In many manuscripts, it does not even resemble a transformed nun at all, and when it does, it sometimes appears reversed (as mentioned above), sometimes inverted, and sometimes turned through 180°. Other times it appears to look like the letter Z.

| Glyph | Unicode | Name |
|---|---|---|
| ׆ | U+05C6 | HEBREW PUNCTUATION NUN HAFUKHA |

==Hebrew points (vowels)==

Example
| With vowel points | Without vowel points |
|---|---|
| עַל־יְדֵי | על־ידי |
| יִשְׂרָאֵל | ישראל |

These signs (points, neqqudot) indicate voweling or some other aspects of the pronunciation of a letter or word.

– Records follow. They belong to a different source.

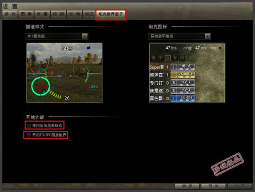 2,插件篇。坦克盒子,你需要一個(gè)。裝好盒子后,在增強(qiáng)包-雜項(xiàng)插件-小地圖插件科學(xué)量角器,這個(gè)必裝,它將在小地圖顯示坦克的射界和暴露之圈及500米極限視野。安裝盒子,并用盒子進(jìn)入游戲后,在車庫界面左上角有:盒子-坦克世界盒子-圖標(biāo)的下方,選擇巨響裝甲值版。然后是在:盒子-標(biāo)記中,標(biāo)記坦克圖標(biāo),其它自便。這樣你在戰(zhàn)斗中就可以看到周圍人員是什么車,其裝甲值是多少。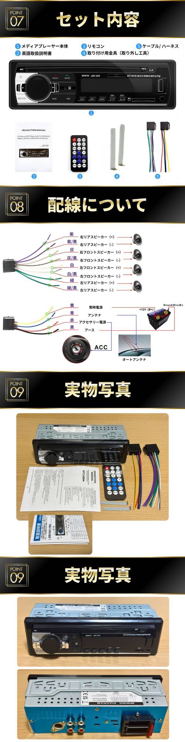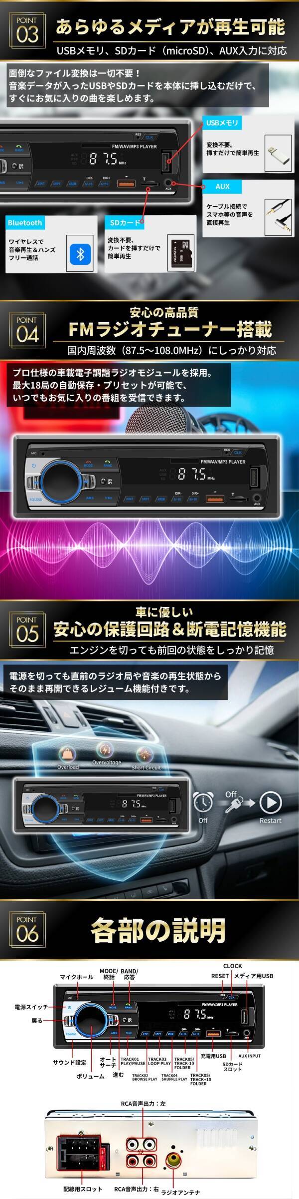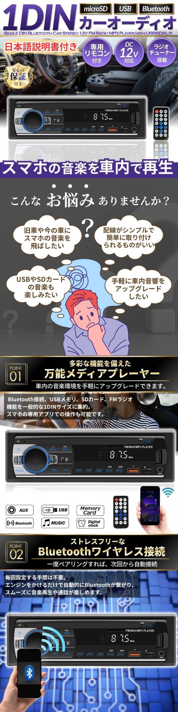 | ■商品仕様・特徴 ・対応機能:Bluetooth、USB、SD(microSD)、AUX入力、FMラジオ ・対応オーディオ形式:MP3 / WMA ・FMラジオ周波数:87.5~108.0MHz(18局プリセット対応) ・電源電圧:DC12V(11~16V)※24V車には対応しておりません ・本体サイズ:横幅188mm × 奥行77mm × 高さ58mm(設置寸法:横幅178mm × 奥行150mm × 高さ50mm) ・安心設計:過負荷・過電圧・短絡保護テスト済み、断電記憶(レジューム)機能搭載 ・その他:車載用LEDディスプレイ(見やすく柔らかな表示) ■セット内容 ・カーオーディオ本体 ・専用リモコン(※電池は付属しておりません) ・電源、スピーカーケーブル ・取り外し用金具 ・取扱説明書(英語) ・オリジナル日本語取扱説明書 | |||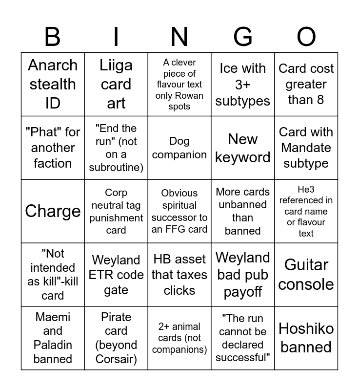 This bingo card has a free space and 24 words: Maemi and Paladin banned, Weyland ETR code gate, Dog companion, "The run cannot be declared successful", Card cost greater than 8, Anarch stealth ID, Liiga card art, A clever piece of flavour text only Rowan spots, More cards unbanned than banned, He3 referenced in card name or flavour text, Charge, "End the run" (not on a subroutine), Weyland bad pub payoff, Guitar console, "Phat" for another faction, Pirate card (beyond Corsair), 2+ animal cards (not companions), Ice with 3+ subtypes, Card with Mandate subtype, "Not intended as kill"-kill card, Corp neutral tag punishment card, HB asset that taxes clicks, New keyword and Hoshiko banned.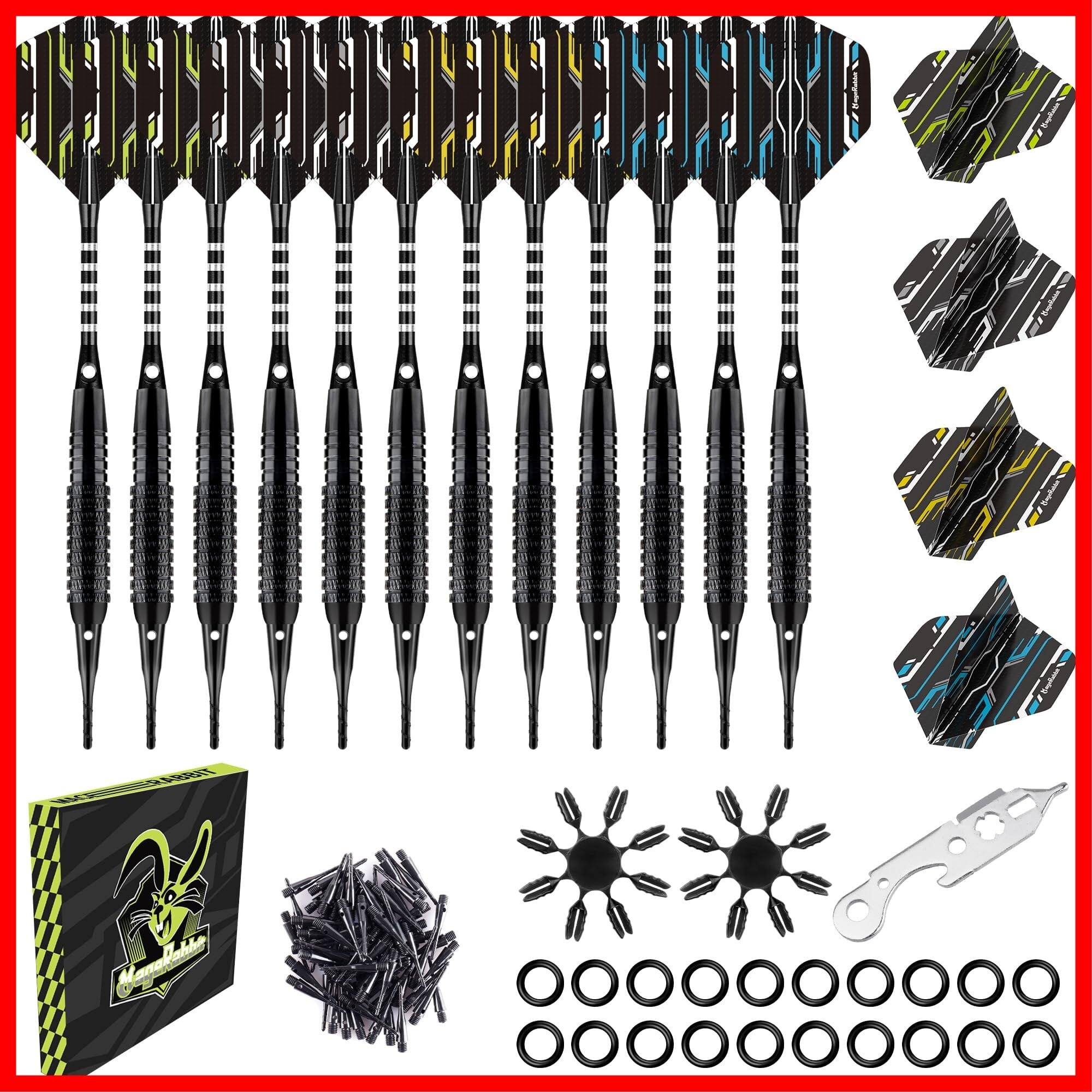 MageRabbit プラスチックチップダーツ 12本 18g, 16pcsのダーツフライト, 50個の予備のダーツチップ, 2個のフライトプロテクター 1個のレンチ付き,50pcs 2BAポイント・ティップ,ダーツ 矢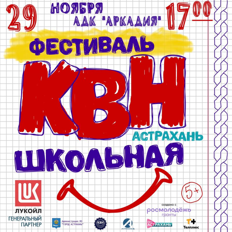 29 ноября в 17:00 во дворце культуры «Аркадия» (ул. Калинина, 51) состоится фестиваль лиги КВН «Астрахань.Школьная». В нем примут участие самые яркие команды средних общеобразовательных учреждений города, области и соседних регионов.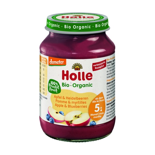 Bio pyré z jablka a borůvky z lesa Holle jsou jednotlivá, stejně jako Pure Apple a Pure Pear, mají jemnou chuť a jsou ideální při začátku odstavení. Jsou z biodynamického zemědělství.

While in Modern Hebrew they are not generally used outside poetry and children's books, a vowel point or other diacritic is occasionally added to resolve ambiguity.

One of these neqqudot, the rafe, is no longer used in Hebrew, even though it is routinely used in Yiddish spelling (as defined by YIVO).

| Glyph | Unicode | Name |
|---|---|---|
| ְ | U+05B0 | SHEVA |
| ֱ | U+05B1 | HATEF SEGOL |
| ֲ | U+05B2 | HATEF PATAH |
| ֳ | U+05B3 | HATEF QAMATS |
| ִ | U+05B4 | HIRIQ |
| ֵ | U+05B5 | TSERE |
| ֶ | U+05B6 | SEGOL |
| ַ | U+05B7 | PATAH |
| ָ | U+05B8 | QAMATS |
| ֹ | U+05B9 | HOLAM (HASER) |
| ֻ | U+05BB | QUBUTS |
| ּ | U+05BC | DAGESH, MAPIQ, OR SHURUQ |
| ֽ | U+05BD | METEG |
| ֿ | U+05BF | RAFE |
| ׁ | U+05C1 | SHIN DOT |
| ׂ | U+05C2 | SIN DOT |
| ׄ | U+05C4 | MARK UPPER DOT |
| ׅ | U+05C5 | MARK LOWER DOT |

==Hebrew cantillation marks==

| Example (Genesis 1:1–5) |
| With Vowel Points and Cantillation Marks |
| בְּרֵאשִׁ֖ית בָּרָ֣א אֱלֹהִ֑ים אֵ֥ת הַשָּׁמַ֖יִם וְאֵ֥ת הָאָֽרֶץ׃ וְהָאָ֗רֶץ הָיְתָ֥ה תֹ֙הוּ֙ וָבֹ֔הוּ וְחֹ֖שֶׁךְ עַל־פְּנֵ֣י תְה֑וֹם וְר֣וּחַ אֱלֹהִ֔ים מְרַחֶ֖פֶת עַל־פְּנֵ֥י הַמָּֽיִם׃ וַיֹּ֥אמֶר אֱלֹהִ֖ים יְהִ֣י א֑וֹר וַֽיְהִי־אֽוֹר׃ וַיַּ֧רְא אֱלֹהִ֛ים אֶת־הָא֖וֹר כִּי־ט֑וֹב וַיַּבְדֵּ֣ל אֱלֹהִ֔ים בֵּ֥ין הָא֖וֹר וּבֵ֥ין הַחֹֽשֶׁךְ׃ וַיִּקְרָ֨א אֱלֹהִ֤ים׀ לָאוֹר֙ י֔וֹם וְלַחֹ֖שֶׁךְ קָ֣רָא לָ֑יְלָה וַֽיְהִי־עֶ֥רֶב וַֽיְהִי־בֹ֖קֶר י֥וֹם אֶחָֽד׃ |
| Just Cantillation Marks (For Demonstration) |
| בראש֖ית בר֣א אלה֑ים א֥ת השמ֖ים וא֥ת האֽרץ׃ והא֗רץ הית֥ה ת֙הו֙ וב֔הו וח֖שך על־פנ֣י תה֑ום ור֣וח אלה֔ים מרח֖פת על־פנ֥י המֽים׃ וי֥אמר אלה֖ים יה֣י א֑ור וֽיהי־אֽור׃ וי֧רא אלה֛ים את־הא֖ור כי־ט֑וב ויבד֣ל אלה֔ים ב֥ין הא֖ור וב֥ין החֽשך׃ ויקר֨א אלה֤ים׀ לאור֙ י֔ום ולח֖שך ק֣רא ל֑ילה וֽיהי־ע֥רב וֽיהי־ב֖קר י֥ום אחֽד׃ |
| No Cantillation or Vowel Points |
| בראשית ברא אלהים את השמים ואת הארץ׃ והארץ היתה תהו ובהו וחשך על־פני תהום ורוח אלהים מרחפת על־פני המים׃ ויאמר אלהים יהי אור ויהי־אור׃ וירא אלהים את־האור כי־טוב ויבדל אלהים בין האור ובין החשך׃ ויקרא אלהים׀ לאור יום ולחשך קרא לילה ויהי־ערב ויהי־בקר יום אחד׃ |

The cantillation marks (טעמים teʿamim) have a very specialized use. They are only found in printed Hebrew texts of Tanakh to be used as a guide for chanting the text, either from the printed text or, in the case of the public reading of the Torah, to be memorized along with vowel marks as the Sefer Torah includes only the letters of the text without cantillation or vowel marks. Outside the Tanakh, the cantillation marks are not used in modern spoken or written Hebrew at all. The cantillation marks provide a structure to sentences of Tanakh similar to that provided by punctuation marks.